The Book of Xen - Short Review

Although I’ve been a big fan of virtualization for many years I’ve mostly been a VMWare man. UML was good for the time but VMWare workstation and GSX always seemed to be better solutions - and they had the benefits of dealing with Windows. At $WORK we looked at using Xen for our new development environment but it never felt very finished, little things like needing to compile your own dhcp client in order to get PXE booting working always felt very wrong.

But now we’re looking to move away from VMWare server for certain parts of our infrastructure everything’s back on the table so I went looking for a guide through the lands of Xen in the modern world - and I think I found an excellent one in The Book of Xen.

The book takes you through all the aspects of using Xen that you’d expect, from installing it, configuring the guests (DomU in Xen terminology) to making the most out of the networking options and local storage possibilities.
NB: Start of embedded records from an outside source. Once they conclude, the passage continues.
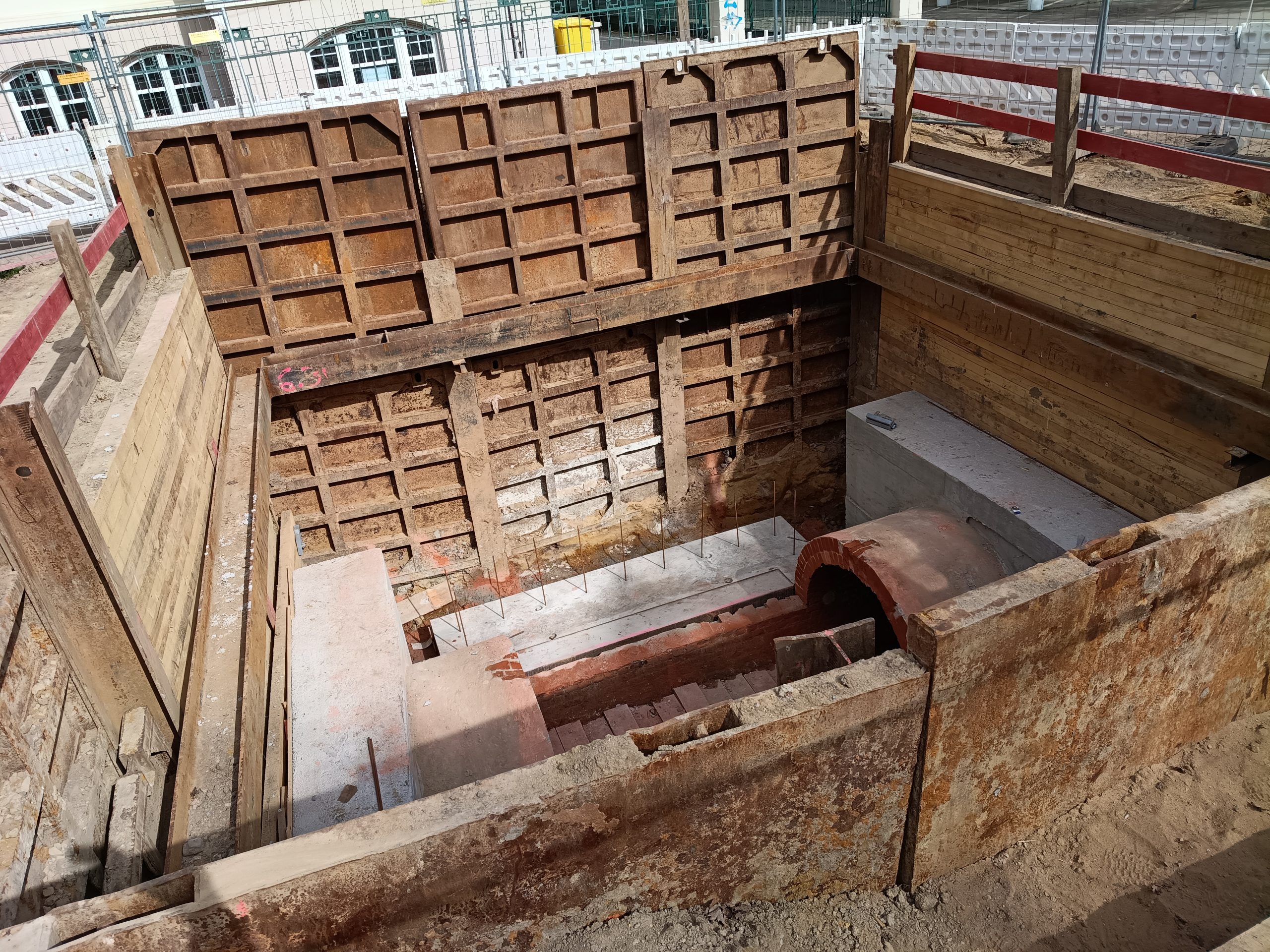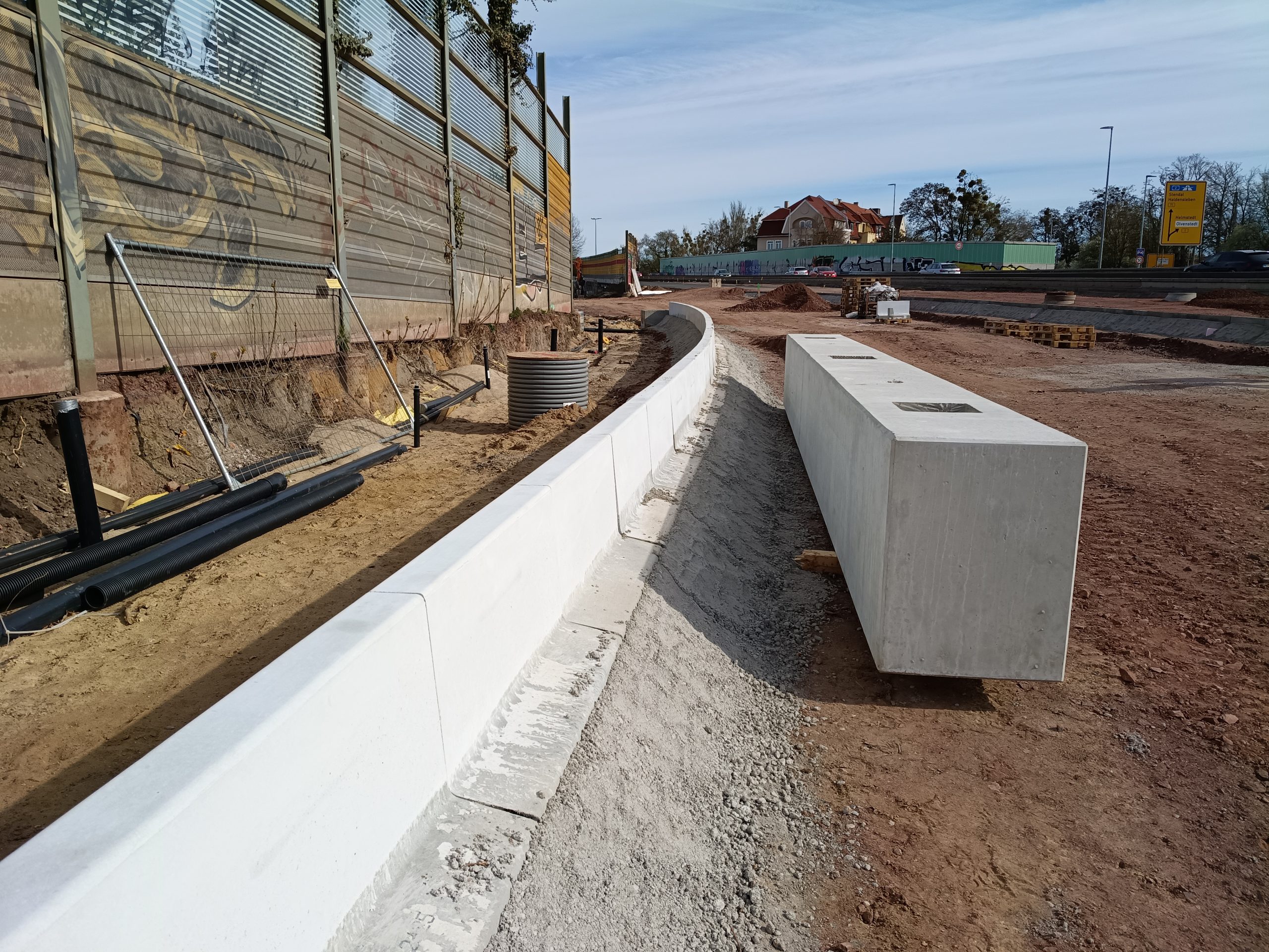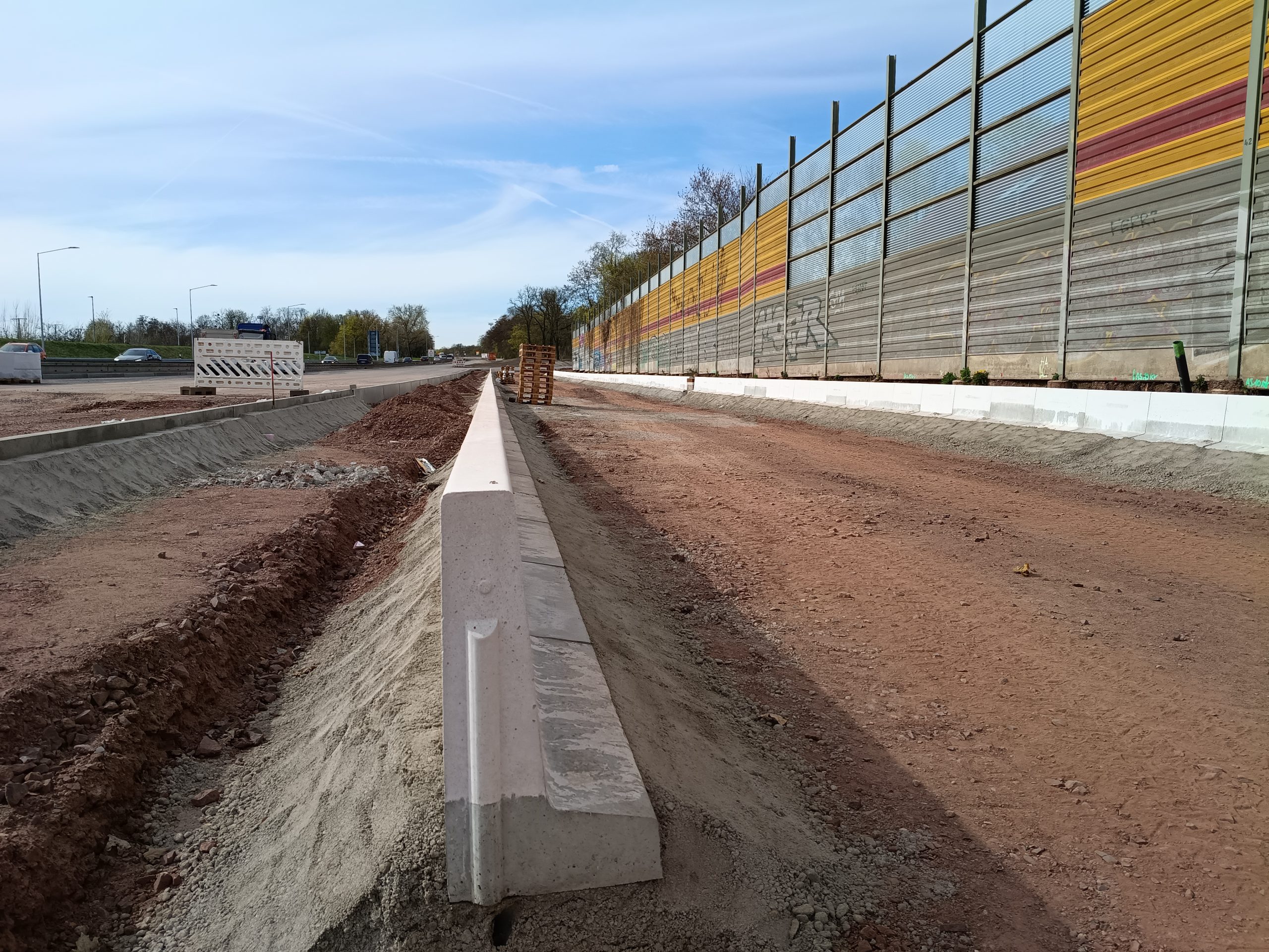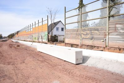 Parallel dazu entstehen entlang der Strecke die Fundamente für die Sichtschutzwand, die im Bereich des Magdeburger Rings den Schall des Verkehres absorbiert. Diese Fundamente bilden künftig die Basis für die entsprechenden Tragelemente.
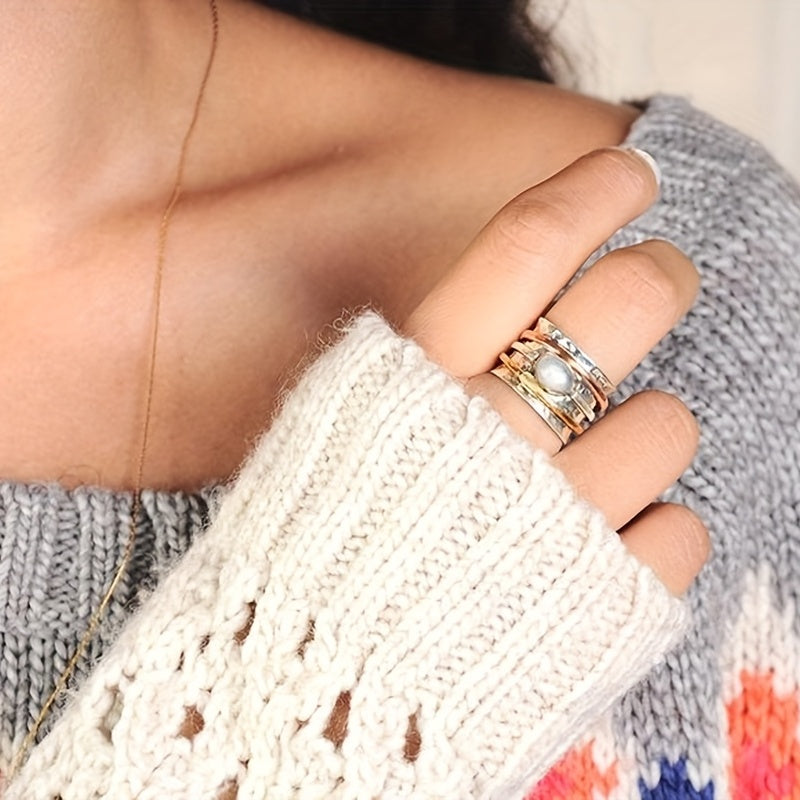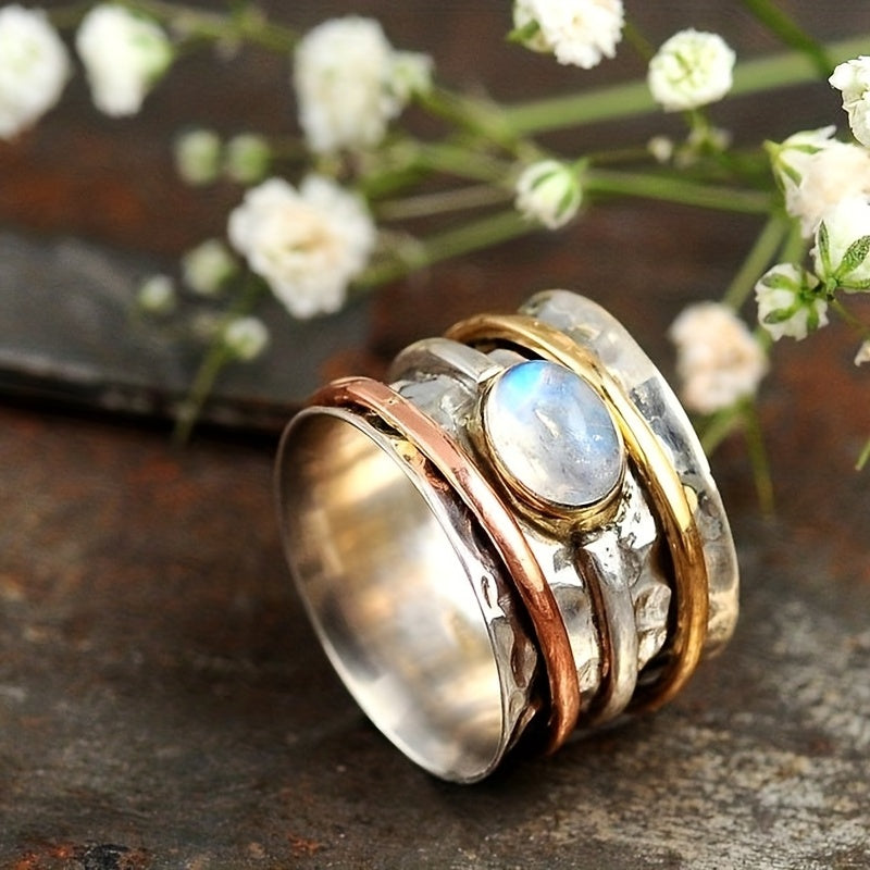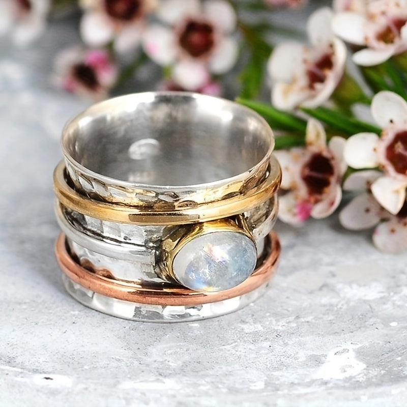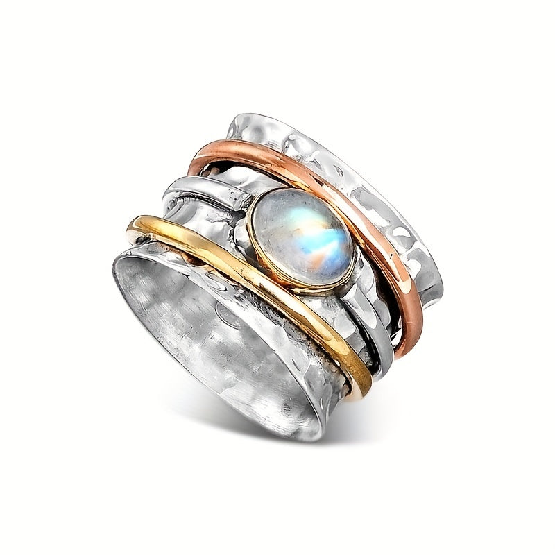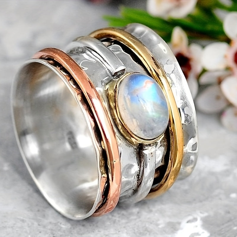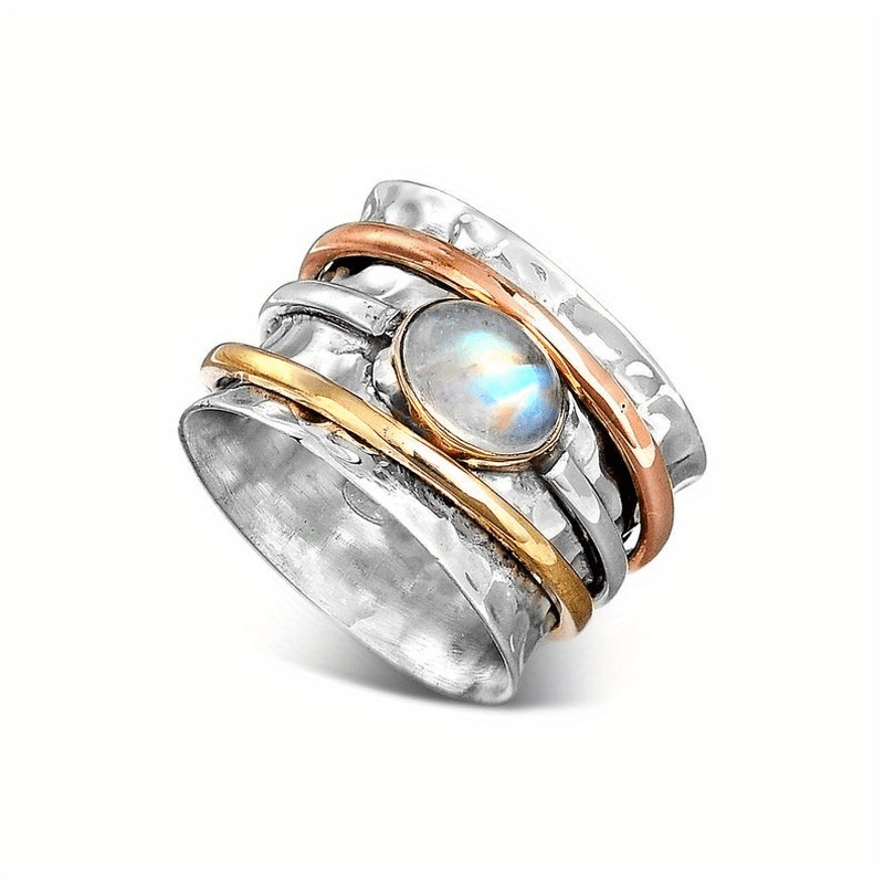 This unique ring features a round moon stone set in metal with three wide spinner rings. Perfect for engagement, party, or wedding occasions.
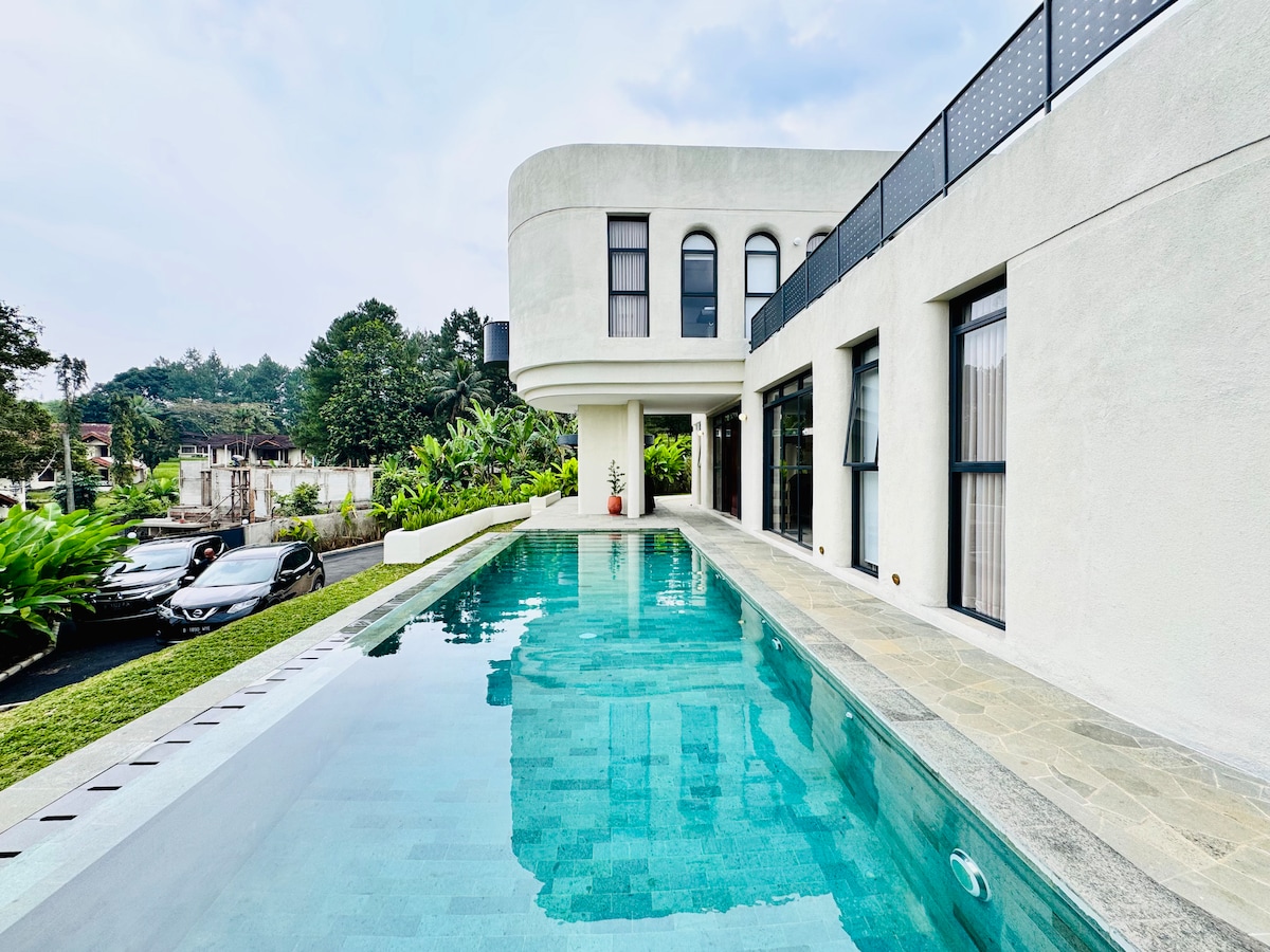 A Mediterranean-inspired unique retreat in the heart of Puncak. With elegant arches, sunlit interiors, and breathtaking mountain views, the villa blends timeless style with modern comfort. Relax by the private pool and enjoy the serene beauty of nature in refined tranquility.

Where it goes that extra mile is in sections like ‘Beyond Linux’, which guides you through using NetBSD and Solaris with Xen, Profiling and benchmarking under Xen and Lessons from the trenches, in which the authors (who run a Xen hosting service) tell you about their real-world aches and pains.

Apart from the chapter on the commercial Citrix XenServer, which I can understand the inclusion of but isn’t useful to me, there was something interesting in every chapter. After working through the book I have a good understanding of what needs attention in a Xen hosting setup and what might be weaknesses. All I need now is a similar book for KVM so I can avoid doing all my own research!.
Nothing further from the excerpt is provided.